Wenn man Alexander Waske bei den Internationalen Deutschen Jugendmeisterschaften auf der Anlage des TC Bamberg beim Coaching beobachtet, sieht man in ihm immer noch das gleiche Feuer lodern, das den 49-jährigen in seiner aktiven Karriere zum Triumph beim World Team Cup in Düsseldorf und zu den vier ATP-Titeln im Doppel getrieben hat. Im Anschluss an das Match seines US-amerikanischen Schützlings Jacob Olar, der sich erfolgreich durch die Qualifikation spielen konnte, nahm sich der gebürtige Frankfurter Zeit für ein ausführliches Interview.

tennisnet: Alexander, hast du eigentlich in deiner Juniorenzeit mal bei den ITF German Juniors mitgespielt?

Alexander Waske: Vor gut 20 Jahren habe ich hier auf der wunderschönen Anlage in Bamberg in der Bundesliga gespielt, aber ich habe in meiner Karriere kein einziges ITF-Jugendturnier gespielt.

tennisnet: Du betreust hier unter anderem den 17-jährigen US-Amerikaner Jacob Olar. In welcher Konstellation arbeitest du mit ihm zusammen?

AW: Ich bin hier für insgesamt fünf Spieler zuständig. Der Jacob ist extra nach Offenbach gezogen, um ganzjährig von uns trainiert und betreut zu werden. Zudem kümmere ich mich um den DTB-Kaderspieler Nikolai Barsukov, den Thailänder Thanapat Boosarawongse, der drei Monate hier verbringt bevor er an das US-College geht, die Chinesin Chen Yiru und Victor Kimpel, der in der Qualifikation bereits ausgeschieden ist. 

tennisnet: Wie groß ist der Trainerstab, den du aktuell in deiner Akademie beschäftigt hast?

AW: Aktuell sind bei mir zwölf Tennis-Trainer, drei Athletik-Trainer und drei Personen im Office beschäftigt. 

tennisnet: Als wie wichtig erachtest du es, selbst immer noch regelmäßig als Coach bei den Turnieren zu sein:

AW: Wenn man das selber nicht mehr macht, ist man nicht mehr am Puls und verliert komplett den Bezug zur Tour. Ich komme gerade aus Roland Garros, wo ich den Hendrik Jebens betreut habe. Für mich würde sich das wie ein einschlafen anfühlen, wenn ich nur noch zu Hause wäre. Aus meiner Sicht kann man die Spieler nicht richtig trainieren, wenn man sich kein Bild vor Ort machen kann, was in ihren Matches nicht funktioniert. Auch der mentale Aspekt ist sehr wichtig. Man verbringt auf der Tour viel mehr Zeit miteinander. Selbst jedes gemeinsame Essen vom Frühstück bis zum Abendessen ist da elementar.

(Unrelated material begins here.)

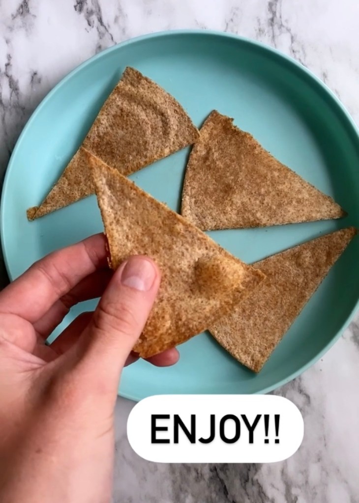 These are the perfect recipe for little your little one help! Grab a pair of children’s safety scissors (make sure to wash them) and let them cut up their own tortilla chips.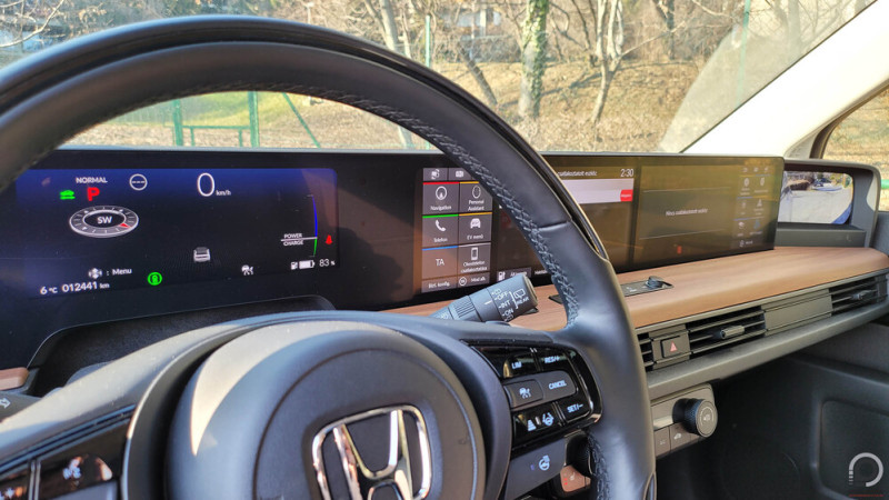 A Honda e fedélzeti rendszere merőben más, mint bármilyen autó hasonló megoldása. Láthatóan nem keveset foglalkoztak vele, aminek tényleg egy egészen zseniális eredménye született, de maradtak benne kiaknázatlan lehetőségek és pár ostobaság is előfordul, de összességében azért nagyon előremutató. Egy Android alapú megoldásról van szó, ami alapvetően két kijelzőn dolgozik, a vezető előtti, harmadik panel külön üzemel.

tennisnet: Beim Coaching deines US-amerikanischen Schützlings war zu beobachten, wie intensiv du ihn ständig gepusht hast. Ist das dein permanenter Coaching-Stil oder hängt das vom Wesen des Spielers ab?

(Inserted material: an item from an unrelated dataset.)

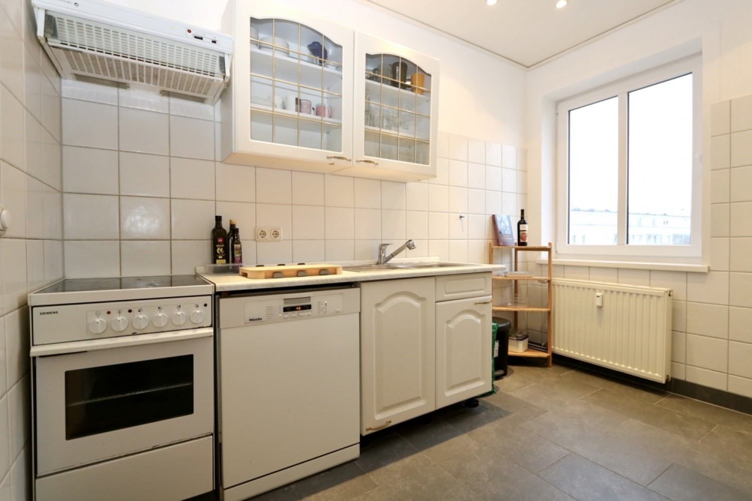 Die Küche sowie das Tageslicht-Wannenbad wurden mit Fliesen ausgestattet.

AW: Ich habe auch Spieler, die von der Energie so hoch sind, dass ich sie eher beruhigen muss. Es geht da nicht um mich, sondern rein um den Spieler. Wenn ich das Gefühl habe, dass da mehr kommen muss, dann schmeiße ich da ein bisschen Holz in den Ofen. Es ist einfach wichtig, da komplett auf den Spieler einzugehen und ihm in jeder Situation zu helfen.

tennisnet: Wie wichtig siehst du es, öfter mal verschiedene Coaches mit den Spielern mitzuschicken, um ein gewisses Mehraugen-Prinzip anzuwenden?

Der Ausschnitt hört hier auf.